Sans Superellipse Idnak 10 is a very bold, normal width, medium contrast, upright, tall x-height font visually similar to 'PODIUM Sharp' by Machalski; 'Cimo', 'Sharp Grotesk Latin', and 'Sharp Grotesk Paneuropean' by Monotype; and 'Herokid' by W Type Foundry (names referenced only for comparison).
Keywords: posters, headlines, signage, packaging, sports branding, industrial, impactful, retro, sporty, authoritative, maximum impact, compact set, geometric styling, signage utility, retro display, blocky, rounded, condensed, compact, geometric.
A heavy, compact sans with rounded-rectangle construction and broad, uniform strokes. Curves are squarish and softened at the corners, giving bowls and counters a superelliptical feel, while terminals are mostly flat and blunt. The lowercase is sturdy with a tall x-height and minimal modulation, and the overall rhythm is tight and poster-like. Shapes favor simplified geometry—straight-sided rounds, squared shoulders, and firm joins—producing dense, high-ink letterforms and small internal counters at display sizes.

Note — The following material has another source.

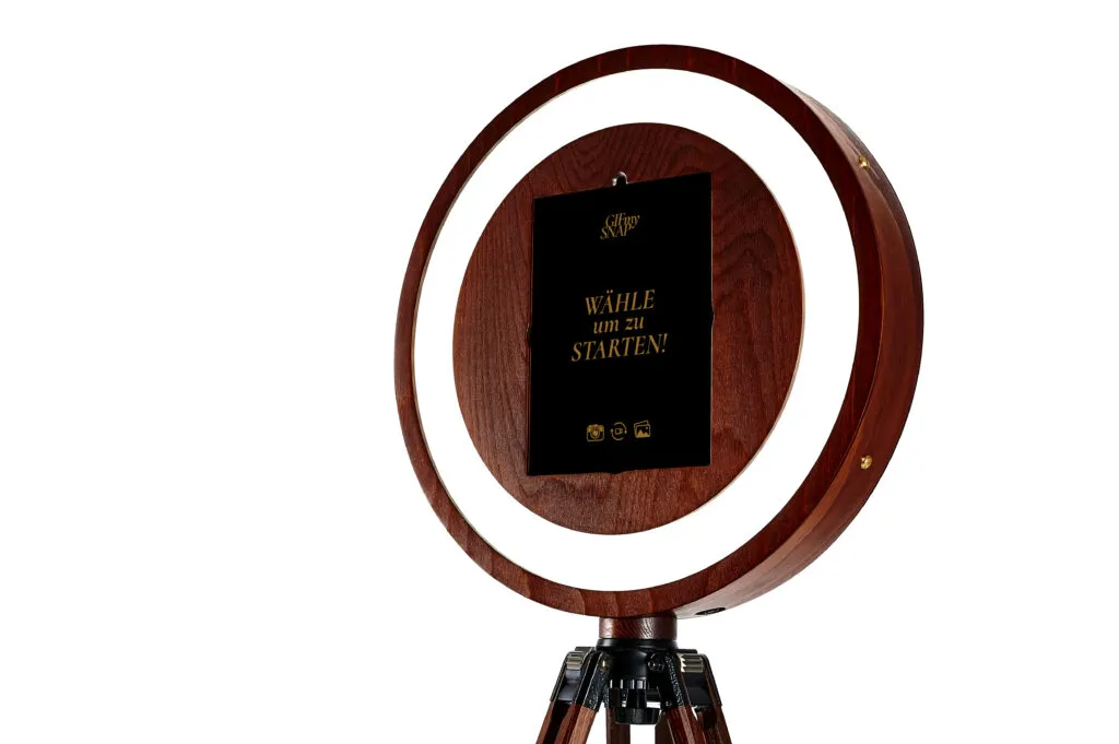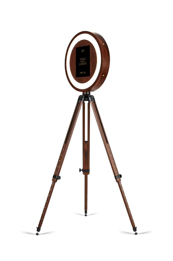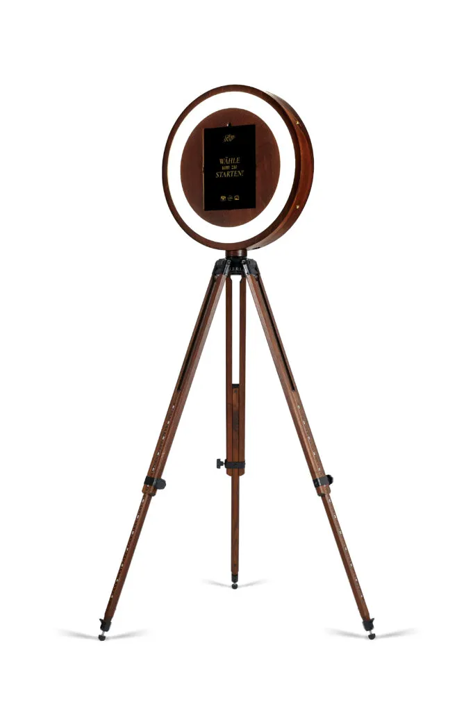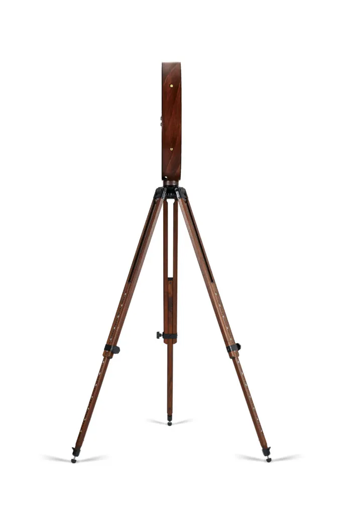 - Mechanik im Bild: Die massive Schraubverbindung zwischen Korpus und Stativ wurde als funktionales Detail inszeniert, um die Portabilität und Stabilität visuell zu belegen.

Best suited to large sizes where its dense forms and tight counters stay crisp and intentional—posters, punchy headlines, storefront or wayfinding-style signage, and bold packaging callouts. It can also work for sports branding and promotional graphics where maximum impact and a compact footprint are useful.
The tone is loud and assertive, with a utilitarian, industrial flavor that also reads as retro sports and signage. Its compact, blocky forms project strength and urgency, making it feel headline-driven and attention seeking rather than conversational.
The font appears designed to deliver maximum visual weight and compactness with a geometric, rounded-rectangular voice. It prioritizes strong silhouettes and consistent stroke mass for high-impact display typography in branding and graphic communication.
The design leans on deliberate squareness: round letters like O/C/G read as rounded rectangles, and diagonals (e.g., V/W/X/Z) are thick and emphatic. The numerals and capitals match the same stout, cut-from-a-block logic, keeping a consistent, no-nonsense texture across mixed content.